See Replace several accounts with one account for more information.

Other information

  • Accounts that use the Global Inbox are sometimes called "deferred" accounts, and it is possible to create deferred accounts that do not use Local Folders for the Global Inbox. For example, if you have three Gmail accounts, you could set up two of them to store their mail together with the mail for the other Gmail account but outside of Local Folders. To do so, follow the procedure above for setting the destination Inbox, but instead of selecting "Global Inbox (Local Folders Account)", select "Inbox for a different account" and then from the dropdown list choose the account you want to use.
  • For deferred accounts, if you go to "Tools -> Account Settings... -> [account name] Server Settings", you will see that "Local directory" does not point to the actual location in your profile folder where the mail is stored. This is normal and necessary because certain files for each deferred account need to be stored separately from the shared mail files. (For instance, each POP3 account has its own file called "popstate.dat" that keeps track of which messages have been downloaded from the server. Account-specific message filters are likewise stored in a separate folder for each account.)
  • If you want to use message aging with a deferred account, note that no settings for the retention policy are provided in the "Disk Space" settings of that account itself. Instead, the retention policy applies where the Global Inbox is located.

Advanced

Normally you configure a global inbox using the GUI but it can be done by editing the prefs.js file in the profile with a text editor. Setting a global inbox adds a deferred_to_account field that stores the id of the account that will stores the messages/files. You can search the .server fields to figure out what account id to use since the account id and server id are usually identical.

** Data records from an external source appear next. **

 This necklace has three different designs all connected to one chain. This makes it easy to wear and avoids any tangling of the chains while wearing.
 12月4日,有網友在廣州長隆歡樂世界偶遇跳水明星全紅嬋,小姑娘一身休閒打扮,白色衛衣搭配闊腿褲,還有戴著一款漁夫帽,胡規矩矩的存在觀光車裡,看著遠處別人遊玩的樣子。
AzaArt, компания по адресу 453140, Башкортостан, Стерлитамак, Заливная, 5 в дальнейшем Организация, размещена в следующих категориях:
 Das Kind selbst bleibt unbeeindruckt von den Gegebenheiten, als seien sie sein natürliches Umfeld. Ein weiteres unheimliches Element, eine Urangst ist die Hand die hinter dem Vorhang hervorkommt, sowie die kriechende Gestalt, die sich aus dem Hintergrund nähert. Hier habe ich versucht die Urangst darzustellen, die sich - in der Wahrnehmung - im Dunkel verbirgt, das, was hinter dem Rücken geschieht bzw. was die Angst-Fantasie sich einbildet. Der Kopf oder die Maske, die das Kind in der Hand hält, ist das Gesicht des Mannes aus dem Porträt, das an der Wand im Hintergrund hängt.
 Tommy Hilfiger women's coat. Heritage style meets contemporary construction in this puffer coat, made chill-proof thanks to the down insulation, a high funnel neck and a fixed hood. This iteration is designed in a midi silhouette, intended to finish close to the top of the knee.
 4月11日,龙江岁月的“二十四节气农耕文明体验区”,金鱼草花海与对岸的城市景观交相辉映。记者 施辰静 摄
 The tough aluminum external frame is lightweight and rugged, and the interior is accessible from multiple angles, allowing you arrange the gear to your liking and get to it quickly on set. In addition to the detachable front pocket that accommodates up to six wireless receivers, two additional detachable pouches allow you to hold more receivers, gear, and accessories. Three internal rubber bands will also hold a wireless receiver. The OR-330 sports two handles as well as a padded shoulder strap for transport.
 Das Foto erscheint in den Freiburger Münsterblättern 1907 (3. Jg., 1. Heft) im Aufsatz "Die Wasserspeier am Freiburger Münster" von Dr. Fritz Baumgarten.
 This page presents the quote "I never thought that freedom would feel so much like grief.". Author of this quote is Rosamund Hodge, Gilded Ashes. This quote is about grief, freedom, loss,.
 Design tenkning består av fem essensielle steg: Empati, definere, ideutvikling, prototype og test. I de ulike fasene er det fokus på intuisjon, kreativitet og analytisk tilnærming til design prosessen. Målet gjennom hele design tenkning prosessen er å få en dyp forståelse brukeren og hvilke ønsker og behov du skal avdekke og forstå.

I changed a Gmail POP account to use a global inbox. I searched for that email address using the config editor. mail.server.server11.userName had the right email address, mail.server.server11.type was set to pop3 and mail.server.server11.hostname had the account name that used to show up in the folder pane. That confirmed it was the right account.

mail.server.server11.deferred_to_account was set to account2. mail.server.server2.hostname was set to Local Folders and mail.server.server2.directory-rel was set to [ProfD]Mail/Local Folders , which confirms account 2 is Local Folders. Setting mail.server.server11.deferred_to_account to account11 (the original Local Directory for the POP account) didn't disable the global inbox. However, resetting mail.server.server11.deferred_to_account did. Resetting a setting in the config editor sets it to the default value, which deletes it if it doesn't exist by default.

The actual id values will change depending upon your configuration.